Once through immigration you can head off to your departure gate passing by a host of duty free shops. On the way to your gate lounge you and your luggage will be x-rayed yet again and you will receive a pat down search as well.

Then it is a quiet sit as you wait your turn to enter the tin can that is going to rush you through the sky at 800 kph.

Wednesday, March 01, 2006

A Bouquet for E-Commerce

Many people, or so the scuttlebutt goes, are weary of making purchases over the internet. I’m not one of them, although I do my homework before I type in the 16 digits. I have brought software, books, sent flowers and sold pictures over the net for some years now. All transactions have been a breeze until last month.
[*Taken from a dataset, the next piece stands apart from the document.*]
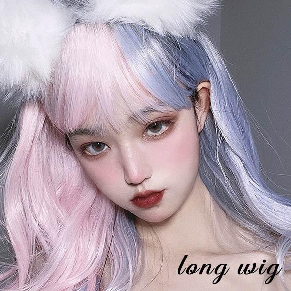 【レビュー投稿で+5%還元】ウィッグ レディース フルウィッグ ロング 巻き髪 ブルー ピンク ぱっつん前髪 前髪あり 可愛い かわいい 大人用 コスプレ ロリータ ゴスロリ コスチューム 原宿風 仮装 超自然 かつら wig Lolita 小顔 文化祭 イベント 学園祭 ハロウィン
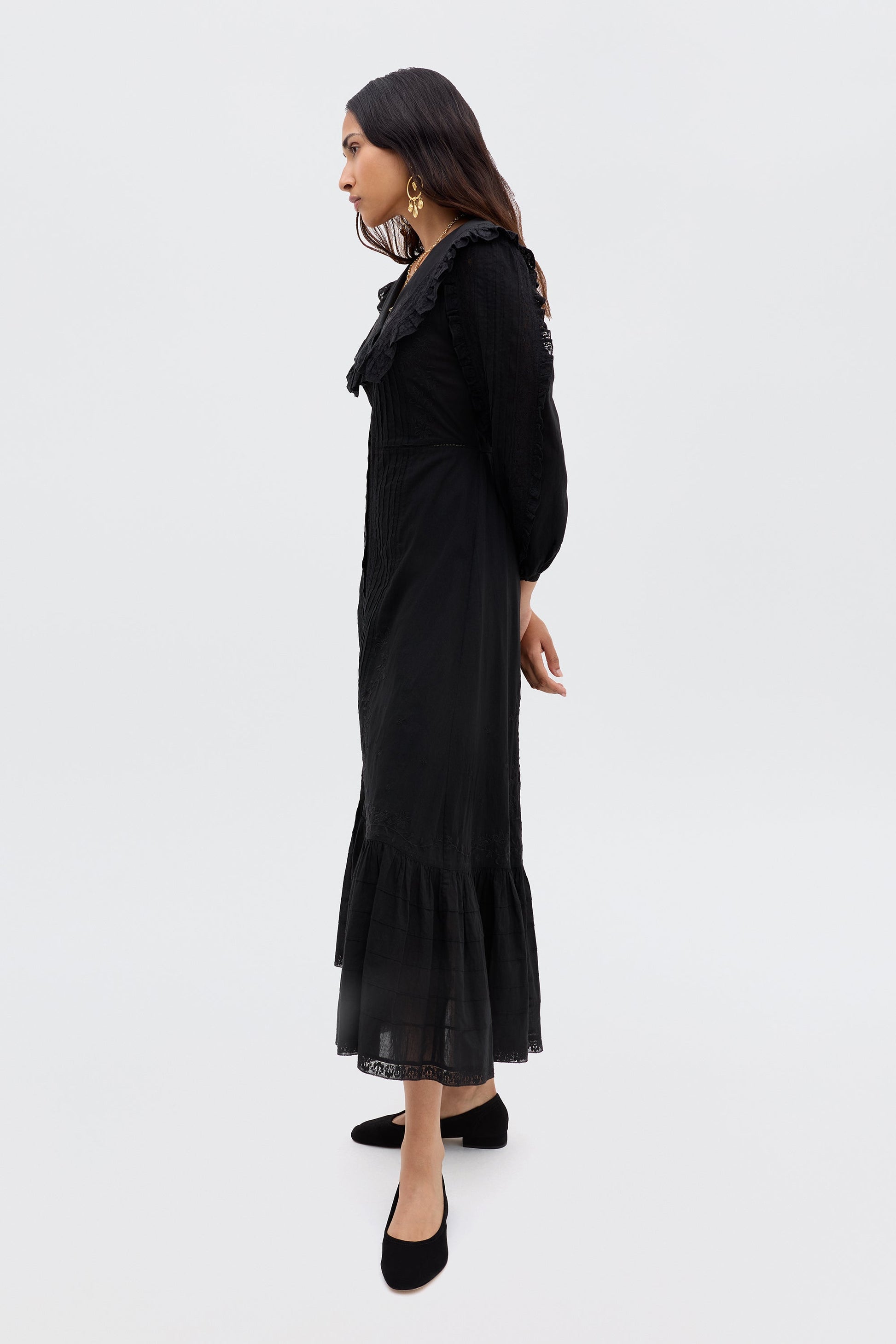 Effortlessly feminine and timeless, this Hilary dress is modelled on our bestselling Maribelle blouse. It's made from breezy cotton-voile with pretty lace trims and floral embroidery. Use the waist ties to adjust the shape.

I order flowers for my valentine via the net for delivery on that day in February. They didn’t arrive, nor the next day or the day after that. I sent an email advising of the non delivery –

“I ordered Lotsa Love - 3 Red Rose Bouquet on the 13 Feb 2006 for delivery on 14 feb 2006. It is now the 17 Feb 2006 and although my CC has been charged the flowers have not been delivered.
Can you please cancel the order and reverse the credit card charge.”

They, www.flora2000.com , sent a delivery conformation which showed they had been delivered to the wrong address. When they were advised of this and after checking their records they sent the following –

Dear Henry, We regret that we failed to deliver your order on the requested date. Please be advised that USD 33.00 which was charged for this order is credited in your account as we are not charging you. It will take 3-4 business days for the credit to be posted in your account. Please note that your order has been delivered to the recipient on 23rd of february 2006 at no cost to you. For further clarifications or questions email us back OR call us at 1-212-655-3075 OR do Live Person chat by clicking at www.flora2000.com. We assure you of a better service in future. Thanks & Kind Regards, Imran Flora2000.com

And they did!

A happy ending and a bouquet to www.flora2000.com who demonstrated that the net can be safe purchase option even when things go wrong.